▸ TASK STATEMENT: Copy the data below exactly, but not the pictures it contains.

▸ DATA BELOW:
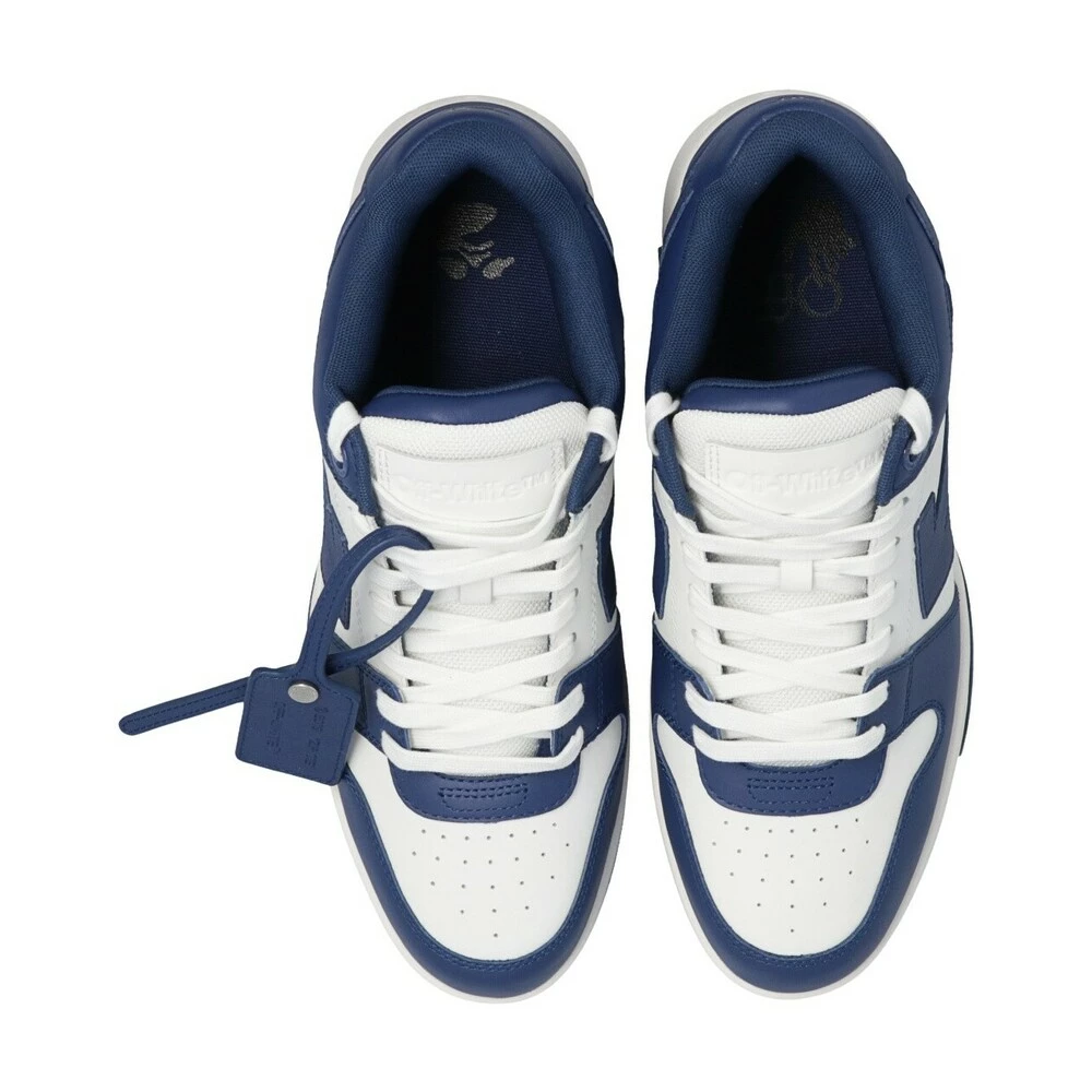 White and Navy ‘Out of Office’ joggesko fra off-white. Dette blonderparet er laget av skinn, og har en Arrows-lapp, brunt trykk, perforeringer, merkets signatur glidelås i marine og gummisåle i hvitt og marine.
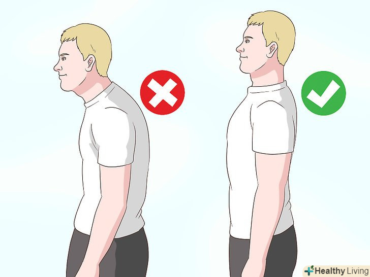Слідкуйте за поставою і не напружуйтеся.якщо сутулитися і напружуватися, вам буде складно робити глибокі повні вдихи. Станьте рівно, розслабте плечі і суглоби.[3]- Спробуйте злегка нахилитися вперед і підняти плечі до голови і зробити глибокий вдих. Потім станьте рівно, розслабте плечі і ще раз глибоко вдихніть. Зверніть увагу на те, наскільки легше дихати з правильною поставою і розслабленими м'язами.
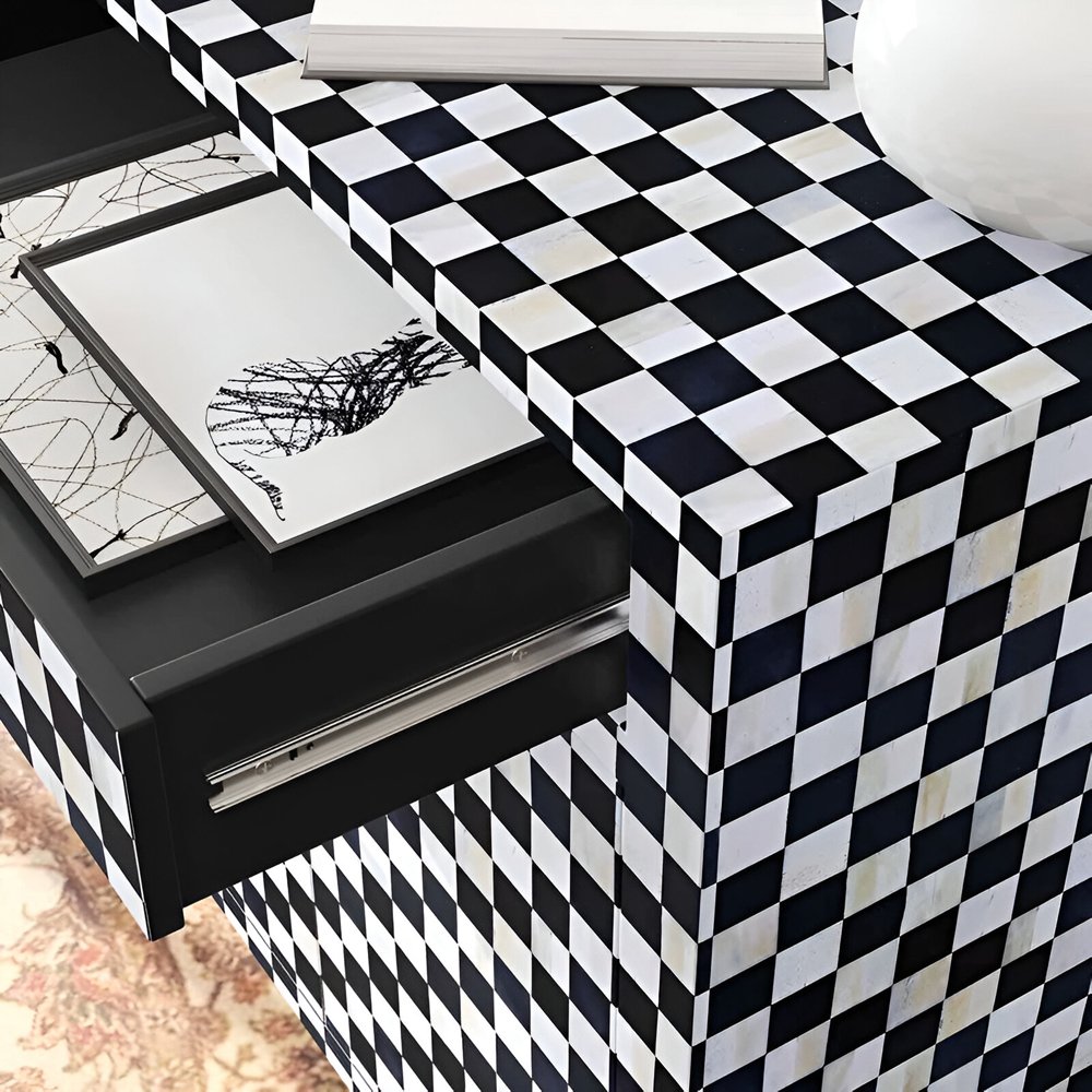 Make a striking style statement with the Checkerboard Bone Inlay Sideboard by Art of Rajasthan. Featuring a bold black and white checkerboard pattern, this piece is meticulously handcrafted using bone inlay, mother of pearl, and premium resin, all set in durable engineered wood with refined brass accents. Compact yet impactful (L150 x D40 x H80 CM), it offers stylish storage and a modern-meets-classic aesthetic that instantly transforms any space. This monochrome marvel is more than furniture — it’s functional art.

▸ REPLY:
 White and Navy ‘Out of Office’ joggesko fra off-white. Dette blonderparet er laget av skinn, og har en Arrows-lapp, brunt trykk, perforeringer, merkets signatur glidelås i marine og gummisåle i hvitt og marine.
Слідкуйте за поставою і не напружуйтеся.якщо сутулитися і напружуватися, вам буде складно робити глибокі повні вдихи. Станьте рівно, розслабте плечі і суглоби.[3]- Спробуйте злегка нахилитися вперед і підняти плечі до голови і зробити глибокий вдих. Потім станьте рівно, розслабте плечі і ще раз глибоко вдихніть. Зверніть увагу на те, наскільки легше дихати з правильною поставою і розслабленими м'язами.
 Make a striking style statement with the Checkerboard Bone Inlay Sideboard by Art of Rajasthan. Featuring a bold black and white checkerboard pattern, this piece is meticulously handcrafted using bone inlay, mother of pearl, and premium resin, all set in durable engineered wood with refined brass accents. Compact yet impactful (L150 x D40 x H80 CM), it offers stylish storage and a modern-meets-classic aesthetic that instantly transforms any space. This monochrome marvel is more than furniture — it’s functional art.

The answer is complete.